Boston police said they turn to their computers to seek out and shut down illegal massage parlors and prostitution houses in Allston-Brighton, where a john is more likely to look for a trick on Craigslist than a corner.
Despite the new tool for setting up stings, police said they are no closer to identifying possible human trafficking victims in the area than they were three years ago, though 50 illegal operations have been shuttered since.
Boston Police Department District D-14 officers monitor Craigslist.org, a free classified ads site, for leads on unlicensed massage parlors and “erotic services” to determine whether prostitution rings run in Allston qualify as sex slavery.
According to D-14 crime logs, officers have arrested more than 100 individuals involved in illegal massage and prostitution houses through the program, begun in April 2005. Records show six prostitution and illegal massage parlor stings since Jan. 28 resulting in 10 arrests, one of which targeted a transsexual male.
Sgt. James Fong, a BPD detective, said Allston-Brighton differs from other neighborhoods because most prostitution advertisements take place inside apartments, houses and hotels — not on the streets.
In their first sweep, officers arrested three women, one of whom had been labeled the “Queen of Craigslist.” Fong said they have arrested woman as young as 15 and old as 63, with demographics as varied as college students, mothers, even a limo company owner who “did this on the side.”
“Some of the advertisers are getting smart and use locations [in or] near Brookline, Newton, Cambridge and surrounding communities instead of Allston or Brighton, due to all of the arrests being made,” Fong said in an email.
Most East Coast Asian masseuses come from or have ties to Flushing, N.Y., Fong said. They do not exclusively target Craigslist advertisers, and he said in one case, officers arrested a female prostitute who had 12 cell phones, nine of which were listed in individual advertisements in the Boston Phoenix adult classifieds.
Fong said many of the women police arrest speak very little English, have limited education and few other job opportunities. Their pimps tell them police officers are bad people who will deport them so they will never see their families again, making the women distrustful and afraid, he said.
“We have seen many of the girls, most of whom are older women and who maybe at one time probably had been victims of human trafficking but now have taken their jobs as a job with benefits,” he said. “This is the only type of job that they know.”
Sgt. Kelley O’Connell, a member of the BPD Human Trafficking Task Force, said one or two women stay at a location for no longer than a week before others replace them. Officers want to arrest apartment owners and Craigslist advertisers who orchestrate prostitution rings, so police interrogate the women to get information about who is behind the operation, she said.
“They’re participating in this life but won’t tell us why or how,” O’Connell said.
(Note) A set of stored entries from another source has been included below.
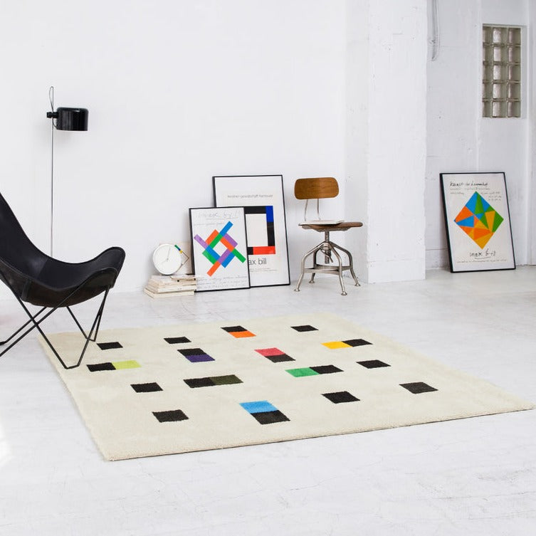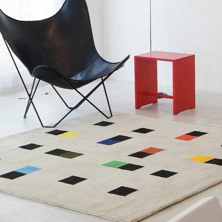 国内で製糸された毛糸を使用して、職人によって一枚一枚手作業で作られたラグです。材質はアクリルモデルで、吸水性が少ないため、水溶性の汚れが付着しにくく、カビや害虫がつきにくい仕様になっています。床に宝石を散りばめたようなデザインが主張しすぎず、心地良い印象を与えます。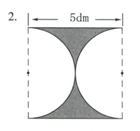 @@已知正方形的边长为5dm,那么图形中两个半圆可以组成一个直径为5dm的圆。根据圆的周长公式C = \pi d(其中C表示圆的周长,\pi取3.14,d表示圆的直径),可得这个圆的周长为3.14×5 = 15.7dm。正方形的两条边长长度为5×2 = 10dm。所以该图形的周长为15.7 + 10 = 25.7dm。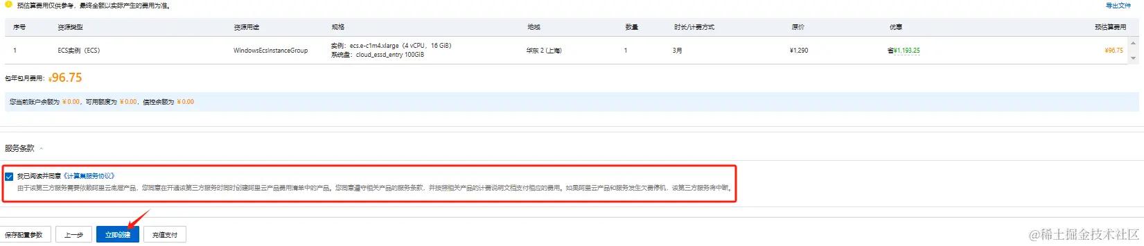 - 在服务确认页面,勾选同意服务条款,点击“立即创建”,后面就是付款流程。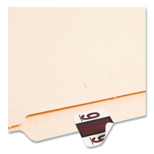 Keeping files organized couldn't be easier with these pre-printed numeric labels. Featuring a color-coded wraparound design, almost anyone can read them at a glance, from either the front or the back. Clear lamination not only prevents the smudging that's typical with regular handling, but it also prevents cracking along the center fold line to provide added durability. The available color selection is designed specifically to be compatible with end tab filing systems, where the bar-style format is the norm. Convenient dispensing box makes application a snap.

Police then get search warrants for specific places, between five and 10 days after they first visit the women, to recover anything in the apartments for more information, she said. In one of the cases this year, prostitutes lived in apartments leased under their own names.
So far, police have given some women probation but no jail time. The operation deals on the lower end of the industry, O’Connell said. The women are charged but some do not show up in court.
“They typically don’t have status so they’re gone,” she said, adding that those with citizenship status who appear in court are not usually willing to talk.
Boston University sociology professor Peter Yeager said working on the lower level is often the only option local law enforcement has.
“Police can’t connect the dots if people won’t testify,” he said.
Yeager compared prostitution rings to other crime groups that make it hard to nab the head honcho — organized crime and drug dealing.
“Everything is set up to protect the boss,” he said. “Drug dealers use kids to make deliveries — the kids probably don’t even know the name of the boss.”
Those who police catch often get less punishment than the boss would, Yeager said.
Because victims can easily be roped back into the business, Yeager said the police could use green cards or citizenship as bargaining chips for foreign women who may be scared to cooperate with law enforcement.
“We can say, ‘You’re in a trap and we’ll help you get out of that trap,'” he said.
Fong said he does not want to see citizenship offered in exchange for human trafficking information – at best, he would consider temporary legal status for the duration of process.
“As with anything it can be and will be abused,” he said.